> _Try it_: In the listing below, find the line with "Devils Advocate Schmal" and copy every line from there up to and including the line with "Aerial view of", exactly and without pictures.

> _Data section_:
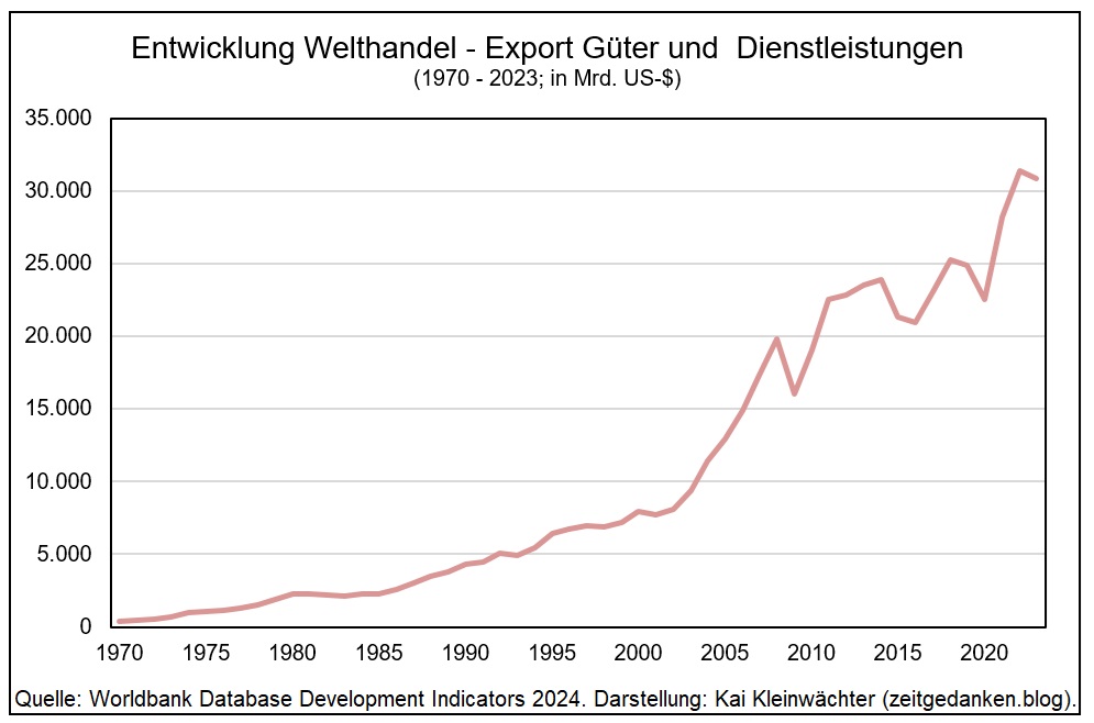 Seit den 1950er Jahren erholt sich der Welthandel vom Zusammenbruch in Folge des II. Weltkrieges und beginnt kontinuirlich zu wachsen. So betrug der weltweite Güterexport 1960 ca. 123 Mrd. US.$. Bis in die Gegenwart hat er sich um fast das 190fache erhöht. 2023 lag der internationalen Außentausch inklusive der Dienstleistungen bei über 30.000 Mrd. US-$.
--
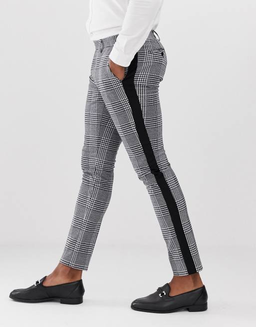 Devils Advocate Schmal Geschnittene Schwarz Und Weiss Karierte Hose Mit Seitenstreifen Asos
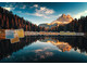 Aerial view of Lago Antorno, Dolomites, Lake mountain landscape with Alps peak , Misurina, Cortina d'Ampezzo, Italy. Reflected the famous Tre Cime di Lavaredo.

> _Exercise solution_:
 Devils Advocate Schmal Geschnittene Schwarz Und Weiss Karierte Hose Mit Seitenstreifen Asos
 Aerial view of Lago Antorno, Dolomites, Lake mountain landscape with Alps peak , Misurina, Cortina d'Ampezzo, Italy. Reflected the famous Tre Cime di Lavaredo.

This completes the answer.